The first step still technically takes O(sqrt(n)) though, so this updated method is not asymptotically faster than the first attempt.
Some updates from the comments thread
/*
Changes made:
tiles_used -> tiles_used_columns, tiles_used_rows
(it was originally a 2-tuple in the form (colums, rows))
*/
/* Determine the maximum sized tile possible. */
private function wesleyGetTileSize() : Number {
var tile_count : Number = slideCount.value;
var b : Number = heightOfBox.value;
var a : Number = widthOfBox.value;
var ratio : Number;
// // If the rectangle is taller than it is wide, reverse its dimensions
if (a < b) {
b = widthOfBox.value;
a = heightOfBox.value;
}
// Rectangle aspect ratio
ratio = a / b;
// tiles_max_height is the square root of tile_count, rounded up
var tiles_max_height : Number = Math.ceil(Math.sqrt(tile_count))
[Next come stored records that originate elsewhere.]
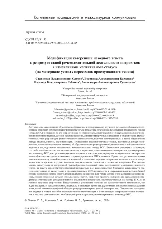 Актуальность исследования обусловлена обращением к эмпирическому изучению речевых особенностей подростков, имеющих изменения в когнитивном статусе вследствие сочетанного воздействия врожденного порока сердца (ВПС) и операции по его корректировке. Теоретико-методологической базой исследования служат положения психолингвистики, детской нейропсихологии, лингвистики речевых нарушений и теории текста. В работе использован ряд методов филологического анализа текста, включая количественные, а также общенаучные методы анализа, синтеза, систематизации. Проведенный анализ вторичных текстов, полученных в ходе эксперимента, позволил подтвердить гипотезу об обусловленности репродуктивной речемыслительной деятельности пациентов последствиями оперативного вмешательства по поводу ВПС. Выявленная специфика когеренции, т. е. глобальной связности, или цельности текста, в пересказах услышанного текста подростков, прооперированных по поводу ВПС, и их условно здоровых сверстников показала, что сокращение исходного текста в пересказе чаще наблюдается в группе испытуемых с прооперированным ВПС в анамнезе. Кроме того, установлена прямая зависимость между длиной пересказа и полнотой и точностью передачи содержания исходного текста: сокращение текста приводит к утрате значимых содержательных элементов и снижению когеренции. Как показал анализ, испытуемые из контрольной группы (условно здоровые) точнее воспроизводят содержание исходного текста, их тексты характеризуются большей цельностью, т. е. когерентностью. Снижение когерентности текстов, полученных от испытуемых с прооперированным ВПС, проявляется в сокращении количества действий героев; ошибочной замене одного действия другим; искажении или утрате мотива и/или следствия действия героев, сюжетно значимых деталей описываемых событий. Теоретико-практическая ценность исследования определяется результатами сопоставительного анализа речи подростков, прооперированных по поводу ВПС, и их условно здоровых сверстников. Представленные результаты значимы как для когнитивной лингвистики, так и для медицины и психологии речи, поскольку в настоящее время нет достоверных лингвокогнитивных данных о том, какой именно спецификой обладает репродуктивная речь данной категории лиц. Перспектива исследования видится в поиске способов количественной параметризации и формализации когеренции текстов-пересказов, в анализе грамматических особенностей речи подростков, прооперированных по поводу ВПС.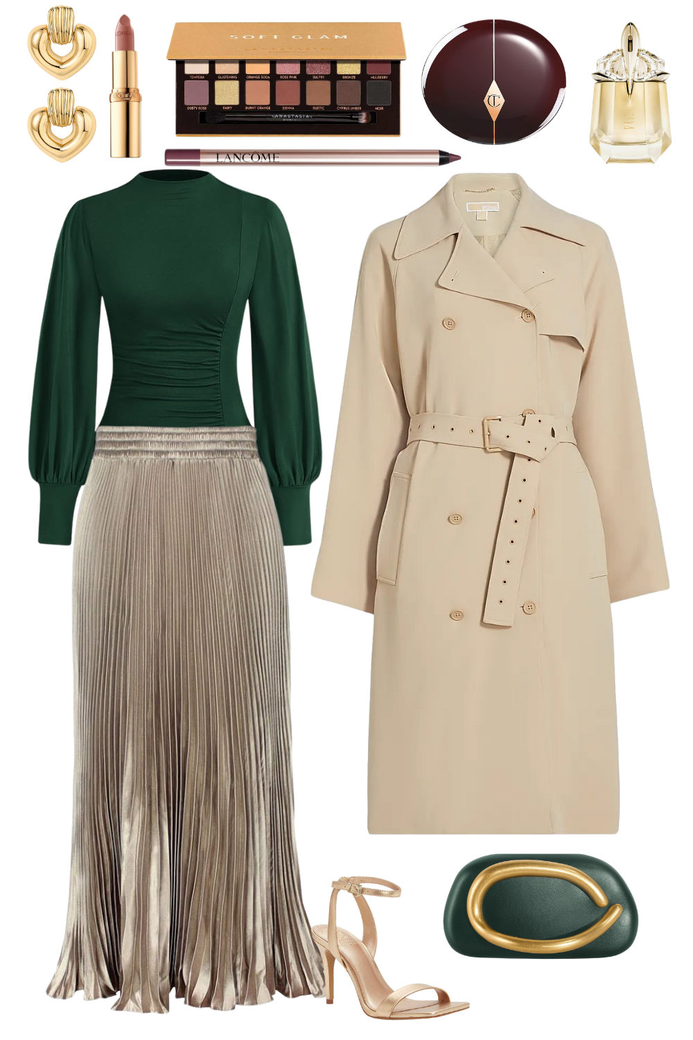 This look is the definition of “glam without trying too hard,” thanks to the pairing of rich forest green and soft gold metallics. The polished silhouette and luxe textures make it perfect for any holiday work party where you want to look festive, elegant, and completely effortless. Tuck your blouse for shape, go for soft glam makeup and a glossy lip, and finish with sleek hair to keep everything refined.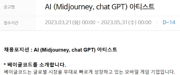 관련 직군 채용·TF 설치·자체 컨퍼런스 등 관심 치열 [사진=베이글코드 홈페이지 채용공고 캡처] 미투젠 ‘트라이픽스 져니’에서 AI가 만든 게임 이미지 [사진=미투젠] 게임사들이 앞다퉈 AI 도입에 몰두하고 있다. 자체 플랫폼을 도입하거나 관련 직군을 모집하는 등 효율적인 게임 제작으로...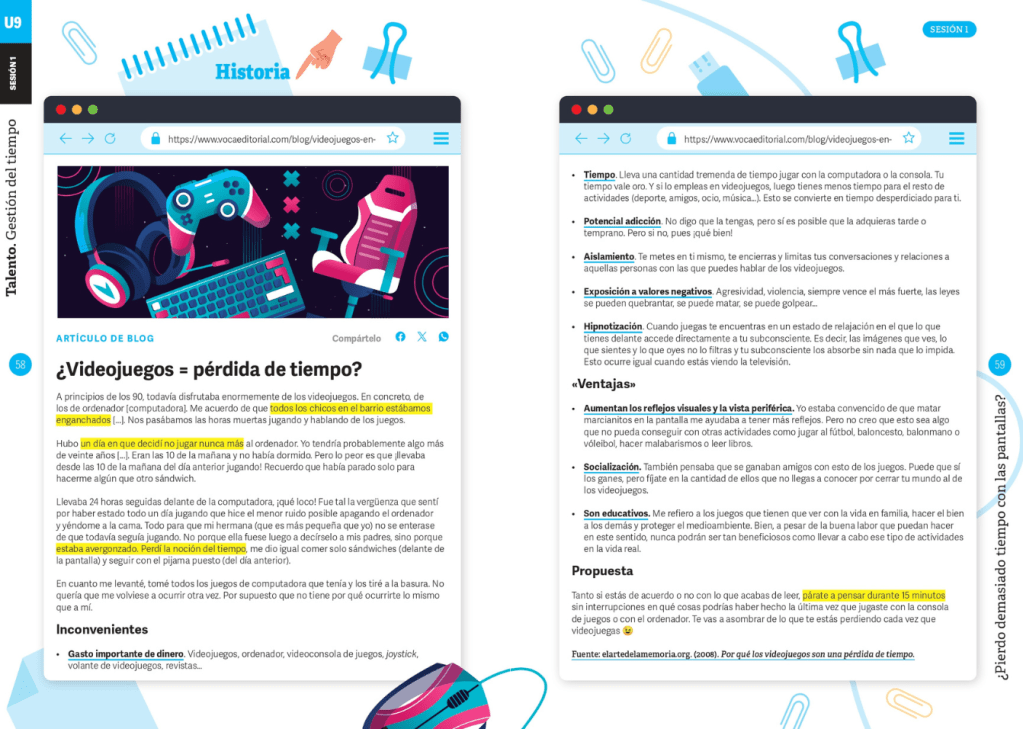 Hay una actividad individual y una para realizar en grupo: test, entrevistas, diálogos, mapas, preguntas, juegos…

var tiles_used_columns : Number;
var tiles_used_rows : Number;
var tiles_ar : Number;
var tile_size : Number;
var best_tile_size : Number = 0;
// i in the range [1, tile_max_height], inclusive
for(var i: Number = 1; i <= tiles_max_height + 1; i++) {
// tiles_used is the arrangement of tiles (width, height)
tiles_used_columns = Math.ceil(tile_count / i);
tiles_used_rows = i;
// tiles_ar is the aspect ratio of this arrangement
tiles_ar = tiles_used_columns / tiles_used_rows;
// Calculate the size of each tile
// Tile pattern is flatter than rectangle
if (tiles_ar > ratio){
tile_size = a / tiles_used[0] ;
}
// Tile pattern is skinnier than rectangle
else {
tile_size = b / tiles_used[1];
}
// Check if this is the best answer so far
if (tile_size > best_tile_size){
best_tile_size = tile_size;
}
}
returnedSize.text = String(best_tile_size);
return best_tile_size;
}
回答6:
Could you elaborate on how you define fill? If I follow your description (big if) it seems that many of the cases you describe don't actually fill the rectangle. For example, you say 2 squares in a 100*100 rectangle would be 50*50. If I understand your configuration correctly, they would be placed on the "diagonal" of this rectangle. But then there would be two "gaps" of size 50*50 in that rectangle as well. That isn't what I think of as "filling" the rectangle. I would instead state the problem as what is the largest possible size for 2 (equal sized squares) whose bounding box would be 100*100 (assuming that every square had to be in contact with at least one other square?).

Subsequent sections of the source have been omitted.